In both France and the Netherlands, the European Constitution was contemptuously rejected. And for obvious reasons: No matter how many times they have been told by their leaders that they are to cherish the ideal of European unity, ordinary Europeans feel a quaint, persistent attachment to their distinct cultural identities,
their legal and educational traditions, and their sovereignty. What's more, they don't
like
all those regulations.
Margaret Thatcher warned that they might not.
The story of Thatcher's downfall is often described, with justification, as a classic tragedy:
a noble hero, a tragic flaw, reversal of fortune, downfall, purgation.

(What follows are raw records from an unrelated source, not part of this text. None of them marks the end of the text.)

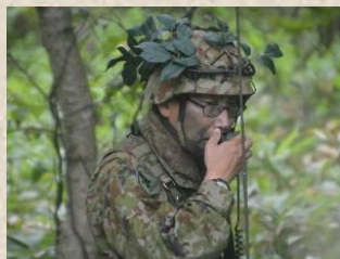
確実に動作確認をして万全を期す都築准尉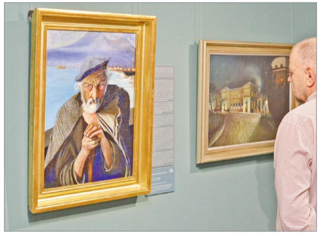
Több ezer látogatót köszönhetett a múzeum.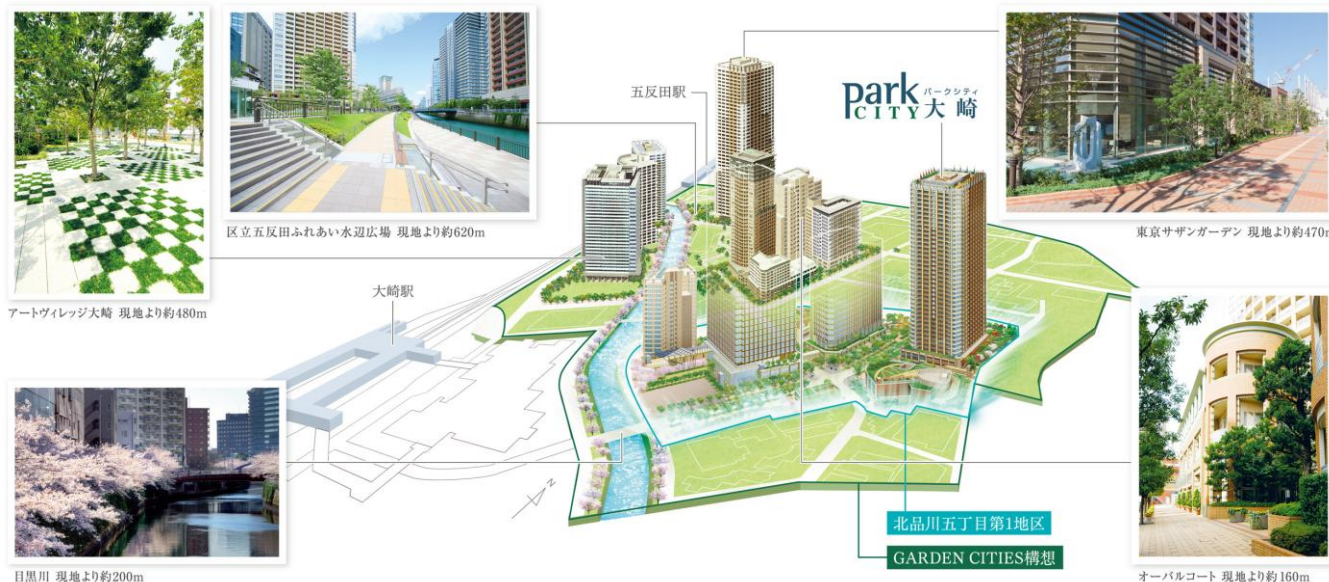
「GARDEN CITIES 構想」概念図

現在、大崎駅周辺エリアでは東京都副都心計画として開発面積約29ha（＊3）におよぶ大規模市街地再開発事業が進められています。昭和55年から始まったこのビッグプロジェクトは、“緑地空間の連続体となる街づくり”をコンセプトにした「GARDEN CITIES構想（＊4）」のもと「アーバンデザインガイドライン（＊5）」が策定され、街としてのまとまりに配慮した開発が進められてきました。「パークシティ大崎」が位置する「北品川五丁目第1地区」は、この大規模再開発のフィナーレを飾るフラッグシップ・プロジェクトとして開発が進められています。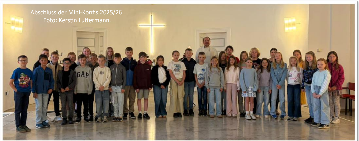
Abschluss der Mini-Konfis 2025/26.

THÜDINGHAUSEN. Am 27. Mai haben sich die Kirchenvorstände der Region Hardeggen-Moringen in Hevensen getroffen und die Erfahrungen mit den Erprobungsräume Hardeggen und Moringen ausgewertet. Im Ergebnis werden wir die Erprobungsräume rechtlich verstetigen, d.h. die Moringen Ortsteile Behrensen, Blankenhagen und Thüdinghausen werden zur Kirchengemeinde Leine-Weper wechseln. Für Thüdinghausen wird darauf geachtet, die inhaltlichen Verbindungen nach Lutterhausen nicht abreißen zu lassen (z.B. der gemeinsame Gemeindenachmittag). Jan Höffker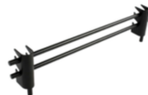
UCHWYT NA KŁODY DO MODELU M KOD PRODUKTU 151922 310 ZŁ BRUTTO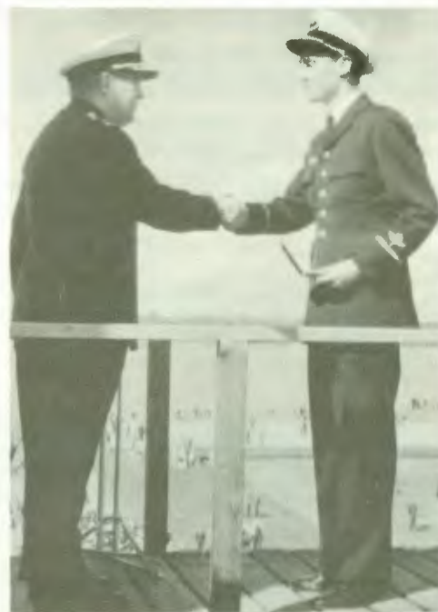
Ovan: Formationsflygning. Nedan: CFV utdelar ST:s guldmedalj.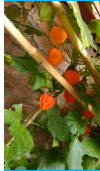
De lampionplant verstoppt zijn zadjes in een aantrekkelijke vrucht.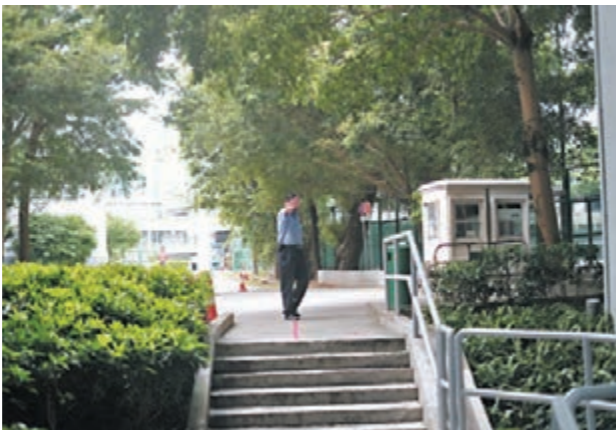
「男拔」停課,職員拒絕採訪。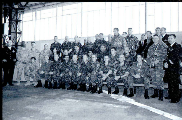
Participation internationale, à côté de l'USAF, RAF et des Belges, on trouve des équipes d'Italie et du Canada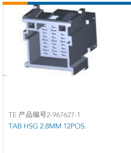
TE 产品编号2-967627-1 TAB HSG 2.8MM 12POS.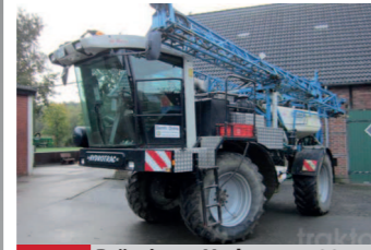
2292346 Bräutigam Hydrotrac 100-4 BJ 2006, Selbstfahrer, Fassvolumen 3000 Ltr., 24 m Arbeitsbreite, Vollausstattung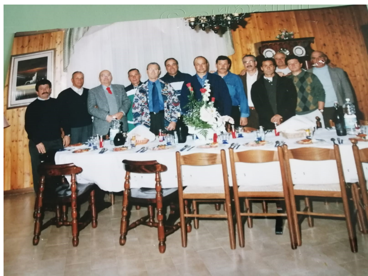
Foto di gruppo del primo Direttivo dell'Associazione Contrade Termoli Nord nel 1995

Ricordo ai soci che l'Associazione denominata Contrade Termoli Nord quest'anno raggiunge un traguardo importantissimo, che poche associazioni possono vantare. Siamo infatti a 25 anni dalla fondazione e festeggiare questo traguardo era, per il consiglio, una priorità!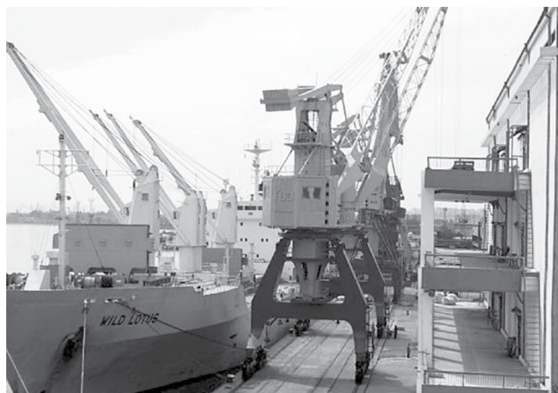
Десетки кораби са обработени и товарите им са се вляли в икономиката на страната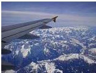
Über den Alpen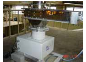
ライン中に マグネット+金属検出器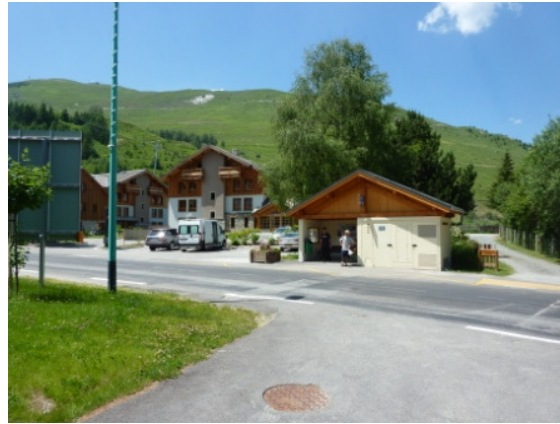
Tabellone poco prima del viale d'ingresso Fermata d'autobus di fronte al viale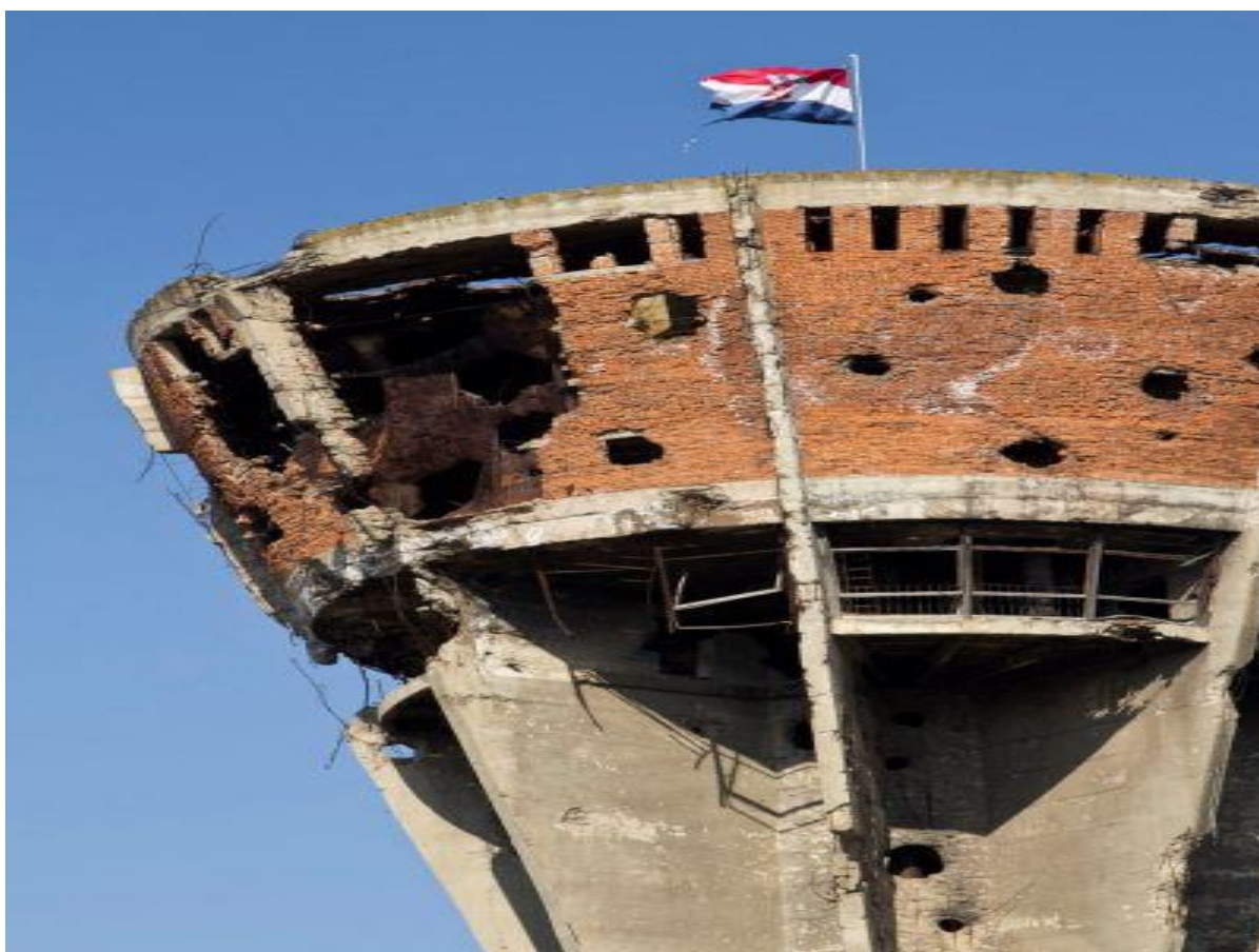
Slika 4: Vodotoranj, Vukovar

Sve do rata, na vrhu Vodotornja nalazio se restoran s vidikovcem na Vukovar, Dunav i okolno srijemsko vinogorje. Tijekom srpske agresije na Vukovar, Vodotoranj bio je jedna od najčešćih meta neprijateljskog topništva koje mu je nanijelo više od šest stotina oštećenja danas predstavlja simbol pobjede i nepobjedivosti. Objekt se neće obnovljati u izvornu funkciju nego će postati Memorijalno područje koje će podsjećati na patnje i boli koje je Vukovar proživio. 42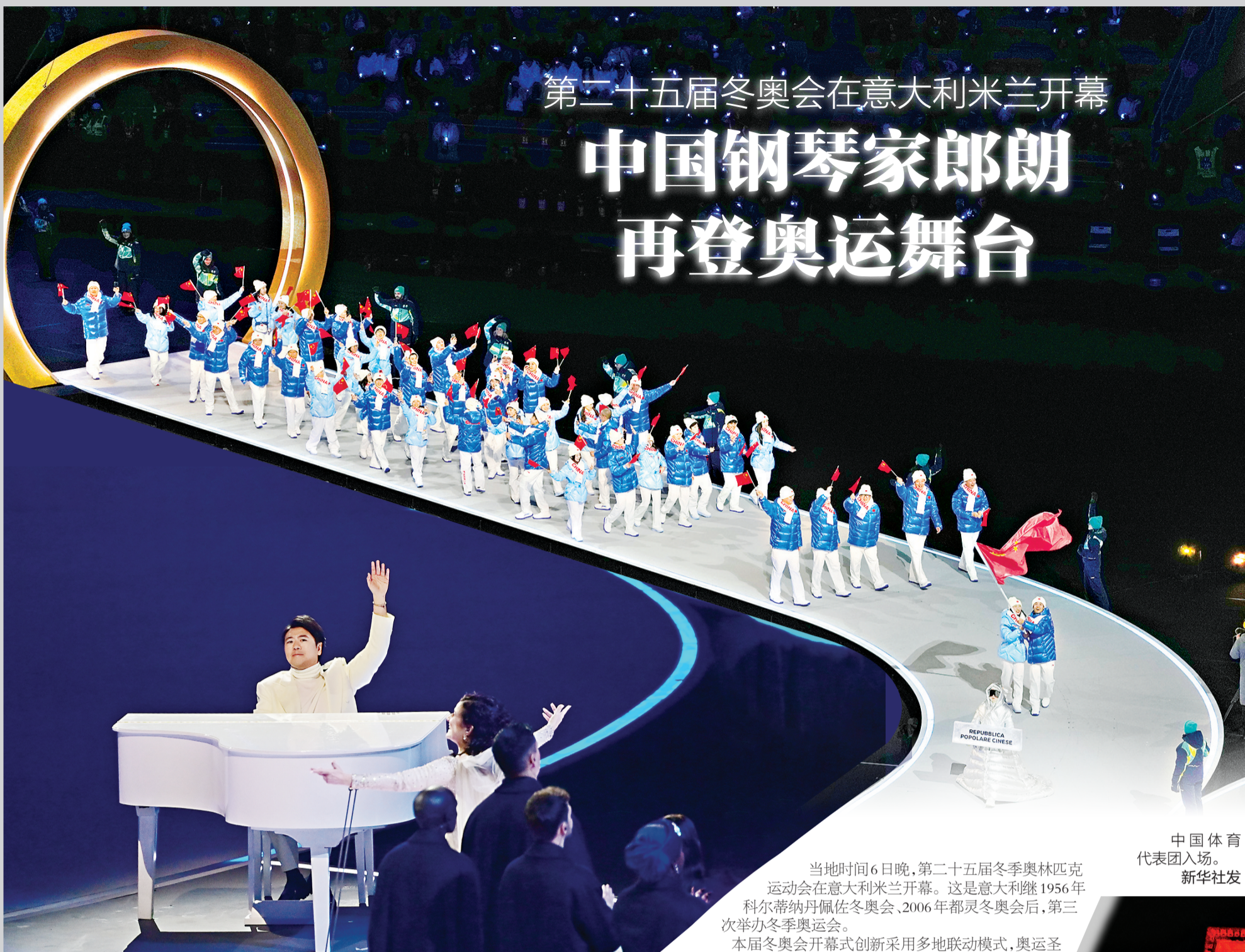
中国体育代表团入场。

当地时间6日晚,第二十五届冬季奥林匹克运动会在意大利米兰开幕。这是意大利继1956年科尔蒂纳丹佩佐冬奥会、2006年都灵冬奥会后,第三次举办冬季奥运会。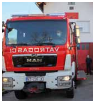
Za vatrogastvo iz proračuna nikad više nego dosad; novo vozilo je ove godine dobilo DVD Radovan

znatna sredstva za pojedine investicije povuče temeljem raspisanih javnih poziva od strane Fonda za energetske učinkovitost.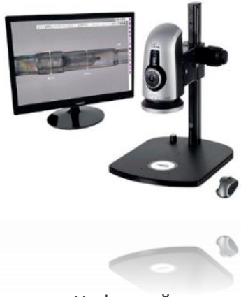
Цифровой инспекционный микроскоп ASH

Вспомогательное оборудование для производства СМТ: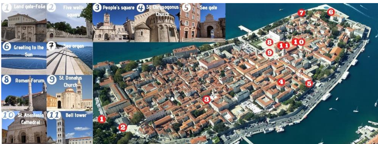
Slika 2 Prikaz lokacija virtualne šetnje u Zadru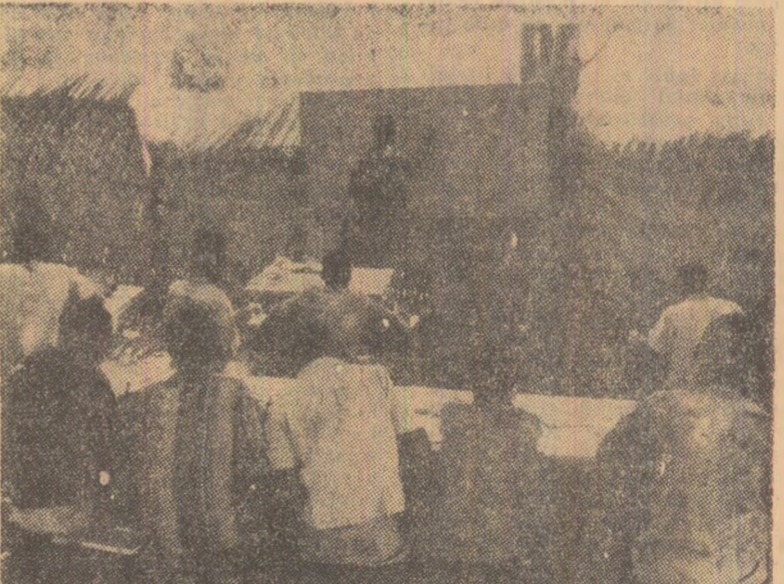
Mali. Viitori agronomi urmând expunerile lectorului la un curs de instruire din localitatea N'Tonimba

venții, alunecă treptat spre faliment, în timp ce marile firme particulare, îndeosebi străine, conviețuiesc de minune cu inflația și cu devalorizarea monedei. Poate că singura deosebire constă într-o accentuare a tensiunii ce umare a măsurilor foarte întreprinse împotriva manifestațiilor antigovernamentale, mergându-se până la ocuparea universităților de către armată. „Broasca și-a blin-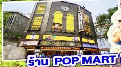
ร้าน POP MART ใหญ่ที่สุดในไต้หวัน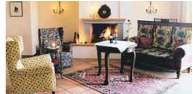
Seehotel Huberhof – Gemütlichkeit pur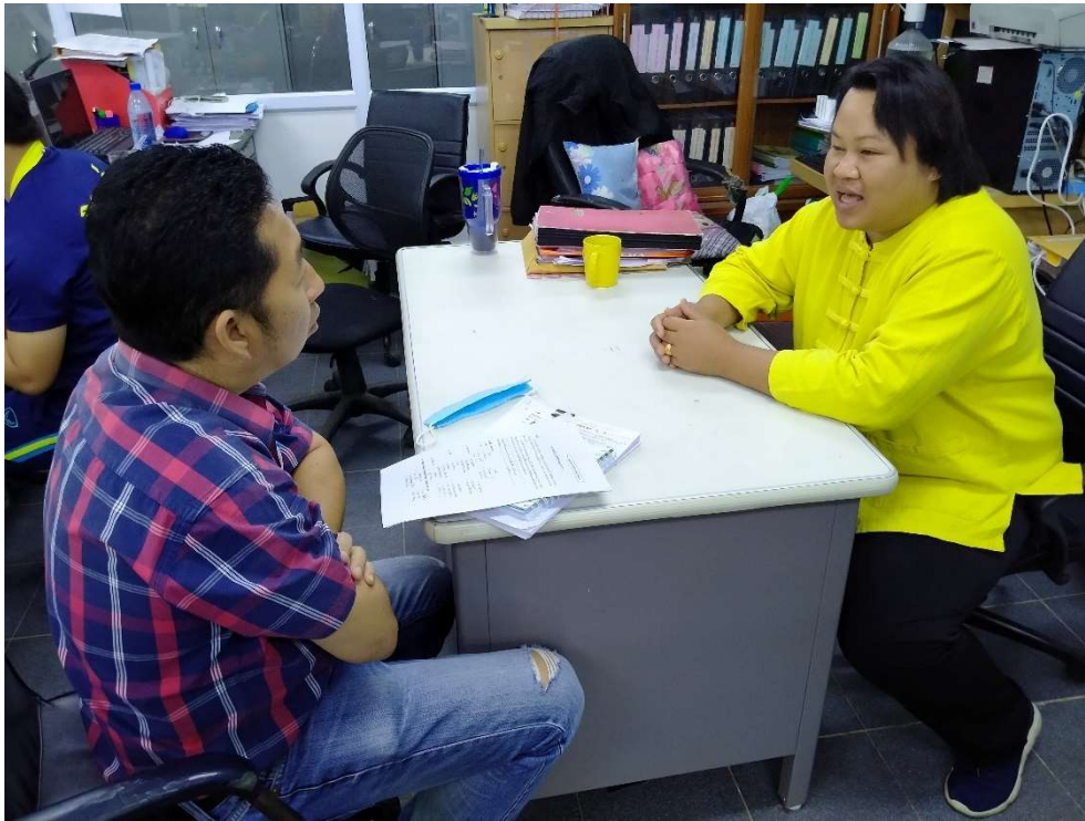
ภาพประกอบการเก็บรวบรวมข้อมูลโครงการเทศกาลปลาอะต้อ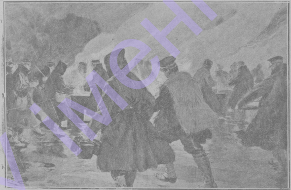
Японская полевая кухня въ метель.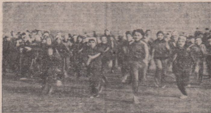
Startul fetelor în „Crosul Mărțișorului” de la Buzău

„ASTA-I DATORIA ȘI SATISFAȚIA NOASTRĂ, SĂ ASIGURĂM O ACTIVITATE NON-STOP... ...MAI ALES CĂ VINE PRIMĂVARA!”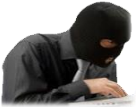
クラッキング行為

車載機にシステナの Web Shelter® を搭載した車載向けセキュリティソリューションをご紹介します。カーナビや AV 機器等において近年 Android® や組み込み Linux® 等のオープンプラットフォームの採用が進んできております。このことから一般的な IT 機器（PC やスマートフォン等）と同様の脅威、脆弱性が存在する可能性が十分に考えられます。システナは、全ての脅威、脆弱性に対応し、セキュアなカーライフを実現できるソリューションをご覧ください。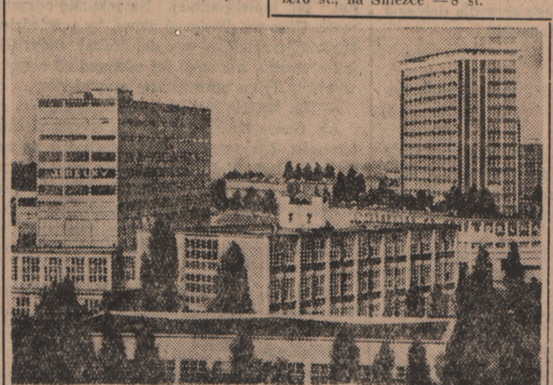
Nowoczesne miasto przemysłowe Czechosłowacji, które ku czci zasłużonego prezydenta republiki czechosłowackiej nosi nazwę Gottwaldowo.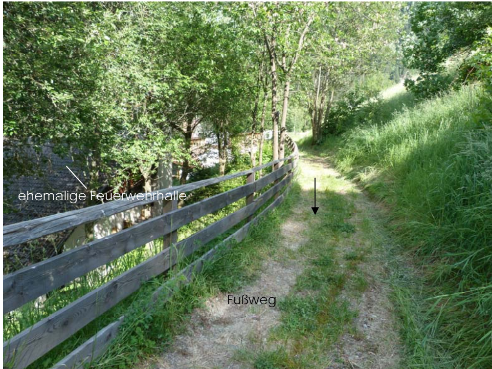
Abb. 1: Übersichtsfoto mit Kernbohrung „S1“ ( ↓ ) mit Blickrichtung Süd-Osten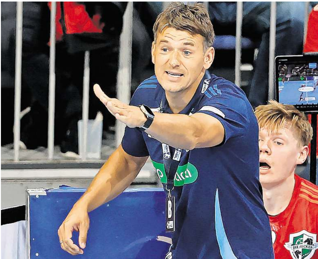
Gestikulierte von der Seitenlinie aus und gibt die Richtung vor: Recken-Coach Christian Prokop.

Nein, wir haben schulpflichtige Kinder und meine Frau ist Lehrerin. Wir bleiben erstmal in Hannover und werden kleine Ausflüge planen. Ich freue mich auf die Gartenarbeit. (lacht) Ob es dann zu Ferienstart eventuell nach Südtirol oder Portugal geht, steht noch nicht ganz fest.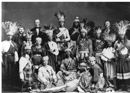
Fig. 8 : Photo de groupe de personnes parmi lesquelles une femme portant une robe avec ceinture.

Pour l'exposition Porter son identité : La collection Premiers Peuples , cet ensemble de femme (robe, jupe et jambières) a été présenté avec une ceinture (reproduction) afin de démontrer l'influence du vêtement européen sur le vêtement traditionnel kanien'kehaka. Dans un autre contexte, cet ensemble pourrait très bien être présenté sans ceinture.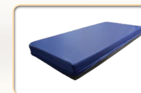
Materac PEDIA Confort z lekko sprężystej pianki mieszanej, zabezpieczony za pomocą pokrowca CIC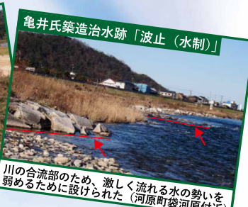
亀井氏築造治水跡「波止(水制)」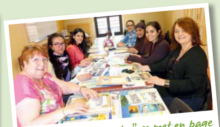
"Mosaïque de souvenirs" se met en page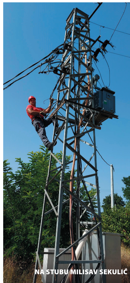
NA STUBU MILISAV SEKULIĆ

U prvom polугоđu fokusirali su se na revitalizaciju NN mreža, a zatim će preći na DV „Danilovgrad iz Podanja“ na kojem u okviru revitalizacije treba da se ugradi 30 novih stubova i zamijeni tri kilometra provodnika, a ugradiće se i pet rastavljača na određenim di-

“Ideology, aggression and arrogance grew on her,” wrote Anthony Bevins, the political editor of the Left-leaning
Independent.
. . . and with each success her image and ego became more and more inflated. She began to believe that . . . if she could conquer the miners, she could go on to conquer Brussels, too . . . She spurned the advice of friends, cast them aside, and retreated increasingly into the bunker mentality that has destroyed so many leaders deluded by visions of immortality . . . [Despite] warnings of impending disaster, Mrs. Thatcher charged ahead regardless . . . The critical weakness was the refusal to listen. Unbending, unyielding, she could only break, and break her they did. To the end, she refused to heed the advice—if, indeed, there was anyone left with the nerve to brave her wrath by telling her the truth.
236
Neil Kinnock agrees. “After she got the second victory—reduced majority, but not reduced enough—
hubris
set in. And you know the rest of the story.”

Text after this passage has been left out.